It reminds me of a survivor named Jane. Jane is a young mom of three girls, and not only has she had cancer twice, but she also discovered that her partner isn’t who she thought he was. Unfortunately, this happens to many of us when we get into these intense medical journeys. Sometimes the people that are closest to us show their true colors when we’re going through these tough times. For Jane, not only did she have to deal with the fact that she had cancer and went through treatment, but she also had the additional stresses of caring for her three young girls and a divorce from her husband.
Jane is a perfect example of a survivor in that constantly stressed “survivor state”. Not only was she fearful because she didn’t know what was going to happen to her daughters, but she was also confused because she found out that her partner isn’t who she thought he was.
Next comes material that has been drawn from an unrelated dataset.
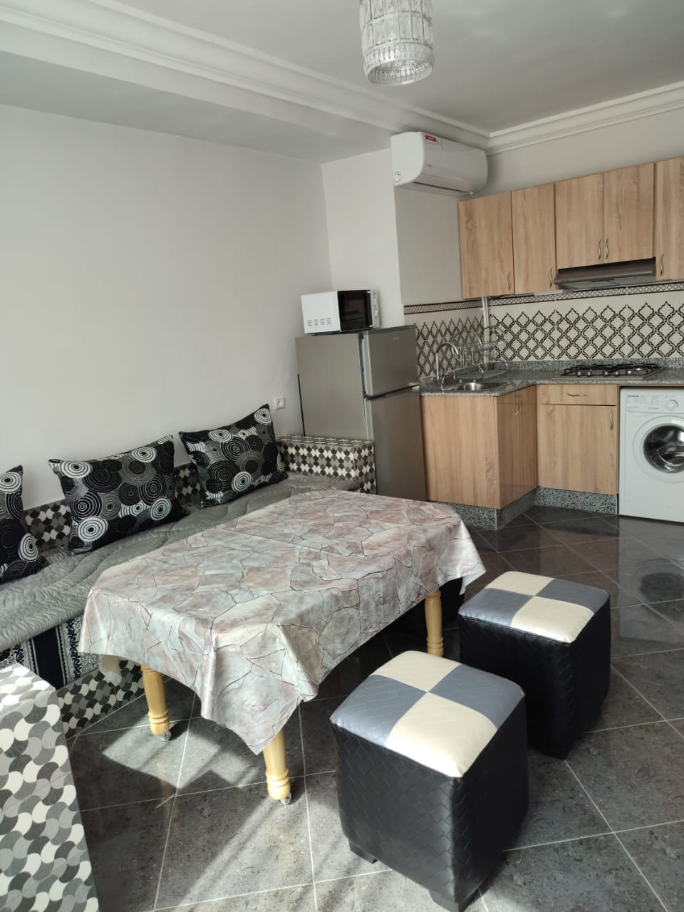 Découvrez un havre de paix au cœur de la ville où le confort moderne rencontre le charme historique. Depuis notre balcon privé, profitez d'une vue imprenable sur les toits de la ville berbère d'Ahfir, située à la frontière Algérienne dans la région de l'Oriental. A seulement 15 minutes de la magnifique plage de Saidia. Bénéficiez d'appartements neufs de 5 et 7 personnes entièrement équipés. L'ascenseur vous permettra d'accéder directement à notre salle de sport privée.

She was frozen, unable to take steps forward, because of the fear of having cancer again and what it would mean for her and her daughters if she were to go through treatment another time. She also felt crushed and deflated because all of a sudden a main member of her support network was disappearing.
Jane and I came up with a plan to be able to move her out of that frozen state. The first thing was to address her stress state. We created a care plan that integrated the use of herbs to support her nervous system, along with mindfulness techniques, and acupuncture. The additional benefit of the acupuncture for her was that the treatment itself allowed her 20 minutes once a week, where she could relax quietly by herself, and actually get into that meditative state. Through these fairly simple strategies, we were able to move her out of her stressed state in a fairly short time, and help her start to shift into thriving.
Once we gained some momentum, we also worked on releasing trauma from the past. This was a big step because it required some significant self-work from Jane, as well as a lot of support. When we release trauma from the past it can be obvious things like actual diagnosis and treatment, but it also can go deeper, including other traumas from other major life experiences. This was the case for Jane. She had to go through the trauma of her cancer journey, but also the additional trauma of her divorce.
It can feel overwhelming to start down this path of healing, but the emotional freedom and sense of fortitude are undoubtedly worth it, for you and the people around you.